#### EXERCISE:
Every line below from the one containing "L'île de Damanuestra, dirigée" through the one containing "samordningen av färg." must be transcribed exactly. Omit all lines outside that stretch.

#### DATASET RECORDS:
━━━━━━

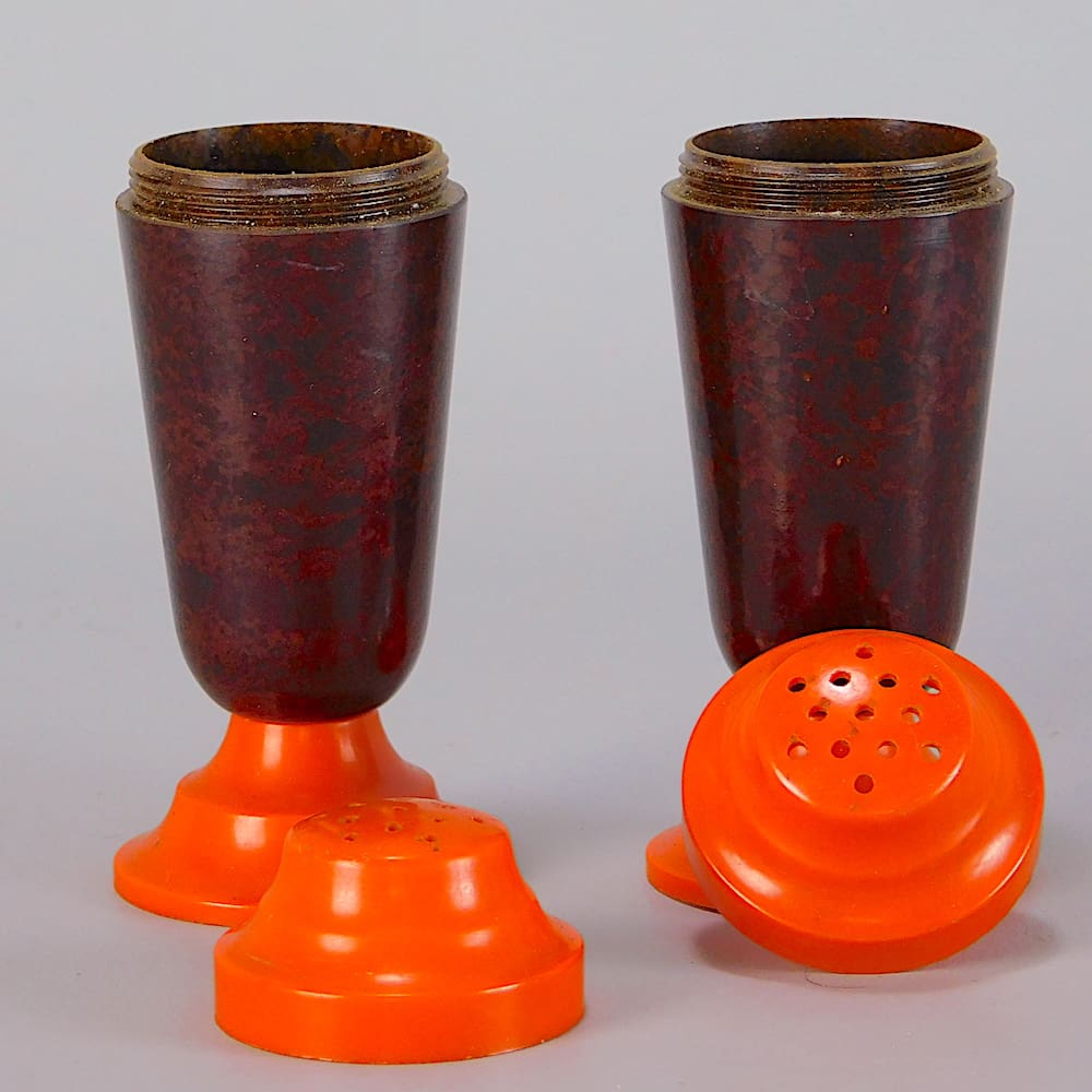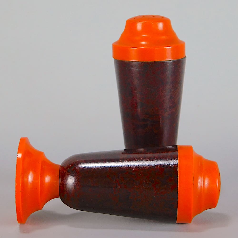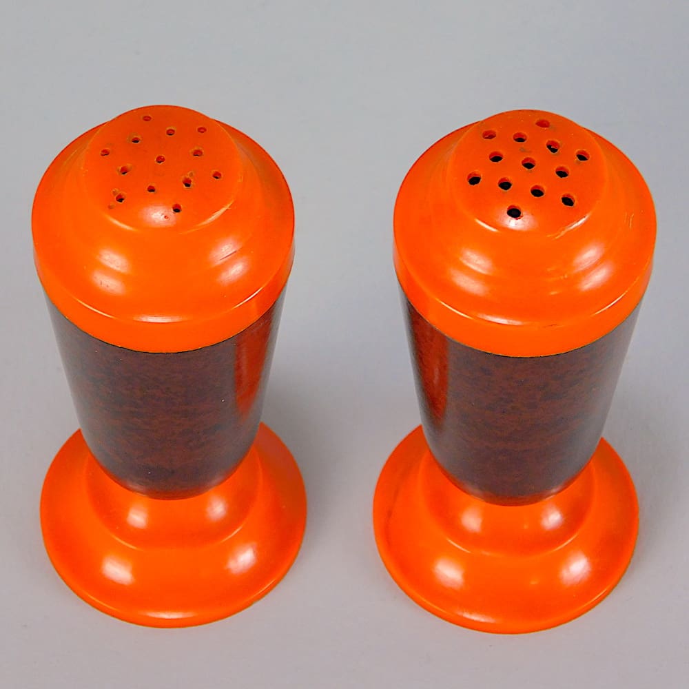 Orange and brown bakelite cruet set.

━━━━━━

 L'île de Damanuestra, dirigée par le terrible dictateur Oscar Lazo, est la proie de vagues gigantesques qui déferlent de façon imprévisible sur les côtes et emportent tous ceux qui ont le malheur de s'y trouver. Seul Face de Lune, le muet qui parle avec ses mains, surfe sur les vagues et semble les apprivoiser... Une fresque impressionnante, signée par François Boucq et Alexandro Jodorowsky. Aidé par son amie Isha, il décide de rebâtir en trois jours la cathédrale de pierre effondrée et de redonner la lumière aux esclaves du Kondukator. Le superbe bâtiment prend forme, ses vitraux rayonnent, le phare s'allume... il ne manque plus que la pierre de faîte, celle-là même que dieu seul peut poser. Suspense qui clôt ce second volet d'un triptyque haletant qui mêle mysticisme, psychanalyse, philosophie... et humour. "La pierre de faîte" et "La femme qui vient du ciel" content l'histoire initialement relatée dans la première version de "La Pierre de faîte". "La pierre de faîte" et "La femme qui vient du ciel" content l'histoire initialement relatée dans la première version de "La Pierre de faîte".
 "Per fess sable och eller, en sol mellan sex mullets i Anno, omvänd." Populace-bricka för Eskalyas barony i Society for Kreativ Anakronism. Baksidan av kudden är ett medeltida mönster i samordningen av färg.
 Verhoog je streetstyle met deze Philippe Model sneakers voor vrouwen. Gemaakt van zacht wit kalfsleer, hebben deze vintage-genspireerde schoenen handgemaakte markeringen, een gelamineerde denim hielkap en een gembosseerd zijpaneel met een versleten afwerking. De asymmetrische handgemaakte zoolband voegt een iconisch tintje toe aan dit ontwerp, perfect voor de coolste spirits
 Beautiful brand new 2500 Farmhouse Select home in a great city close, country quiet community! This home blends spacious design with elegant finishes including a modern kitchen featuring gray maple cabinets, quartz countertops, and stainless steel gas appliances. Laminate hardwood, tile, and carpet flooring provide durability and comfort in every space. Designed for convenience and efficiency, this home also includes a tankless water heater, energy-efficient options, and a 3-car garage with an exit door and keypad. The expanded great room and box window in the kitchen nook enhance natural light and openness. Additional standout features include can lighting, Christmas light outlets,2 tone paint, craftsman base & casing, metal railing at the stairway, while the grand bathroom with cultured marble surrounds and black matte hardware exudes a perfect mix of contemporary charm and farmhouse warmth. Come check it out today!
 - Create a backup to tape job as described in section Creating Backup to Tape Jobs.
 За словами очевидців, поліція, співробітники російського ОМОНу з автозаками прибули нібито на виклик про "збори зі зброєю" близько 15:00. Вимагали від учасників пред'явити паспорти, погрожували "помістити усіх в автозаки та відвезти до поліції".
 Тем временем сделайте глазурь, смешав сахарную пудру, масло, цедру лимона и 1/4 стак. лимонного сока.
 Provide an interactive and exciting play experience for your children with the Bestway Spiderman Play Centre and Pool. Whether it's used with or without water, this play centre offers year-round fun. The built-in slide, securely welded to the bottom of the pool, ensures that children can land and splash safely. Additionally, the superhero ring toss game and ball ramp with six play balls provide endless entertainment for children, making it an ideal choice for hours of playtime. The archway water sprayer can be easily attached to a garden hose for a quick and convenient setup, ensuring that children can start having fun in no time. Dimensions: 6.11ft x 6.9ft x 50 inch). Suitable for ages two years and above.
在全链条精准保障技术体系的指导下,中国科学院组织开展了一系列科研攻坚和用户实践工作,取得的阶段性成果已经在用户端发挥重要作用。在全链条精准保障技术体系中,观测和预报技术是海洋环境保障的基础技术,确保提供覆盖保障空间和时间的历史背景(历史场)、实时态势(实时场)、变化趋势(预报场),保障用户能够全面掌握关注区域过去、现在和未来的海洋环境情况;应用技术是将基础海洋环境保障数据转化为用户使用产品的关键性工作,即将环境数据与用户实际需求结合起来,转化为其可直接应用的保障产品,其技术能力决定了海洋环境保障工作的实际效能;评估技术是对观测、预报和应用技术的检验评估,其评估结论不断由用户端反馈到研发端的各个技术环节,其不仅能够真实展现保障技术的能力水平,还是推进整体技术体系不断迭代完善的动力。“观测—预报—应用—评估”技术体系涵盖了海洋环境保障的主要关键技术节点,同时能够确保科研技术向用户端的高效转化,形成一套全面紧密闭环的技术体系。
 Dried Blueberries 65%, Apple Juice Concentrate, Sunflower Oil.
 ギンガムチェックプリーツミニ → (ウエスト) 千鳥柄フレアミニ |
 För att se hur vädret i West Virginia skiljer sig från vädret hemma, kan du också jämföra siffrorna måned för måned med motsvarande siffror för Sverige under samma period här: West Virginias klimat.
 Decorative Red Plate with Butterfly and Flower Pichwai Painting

━━━━━━

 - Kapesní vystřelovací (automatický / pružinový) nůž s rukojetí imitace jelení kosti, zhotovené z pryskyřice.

━━━━━━

#### OUTPUT FOR THIS TASK:
 L'île de Damanuestra, dirigée par le terrible dictateur Oscar Lazo, est la proie de vagues gigantesques qui déferlent de façon imprévisible sur les côtes et emportent tous ceux qui ont le malheur de s'y trouver. Seul Face de Lune, le muet qui parle avec ses mains, surfe sur les vagues et semble les apprivoiser... Une fresque impressionnante, signée par François Boucq et Alexandro Jodorowsky. Aidé par son amie Isha, il décide de rebâtir en trois jours la cathédrale de pierre effondrée et de redonner la lumière aux esclaves du Kondukator. Le superbe bâtiment prend forme, ses vitraux rayonnent, le phare s'allume... il ne manque plus que la pierre de faîte, celle-là même que dieu seul peut poser. Suspense qui clôt ce second volet d'un triptyque haletant qui mêle mysticisme, psychanalyse, philosophie... et humour. "La pierre de faîte" et "La femme qui vient du ciel" content l'histoire initialement relatée dans la première version de "La Pierre de faîte". "La pierre de faîte" et "La femme qui vient du ciel" content l'histoire initialement relatée dans la première version de "La Pierre de faîte".
 "Per fess sable och eller, en sol mellan sex mullets i Anno, omvänd." Populace-bricka för Eskalyas barony i Society for Kreativ Anakronism. Baksidan av kudden är ett medeltida mönster i samordningen av färg.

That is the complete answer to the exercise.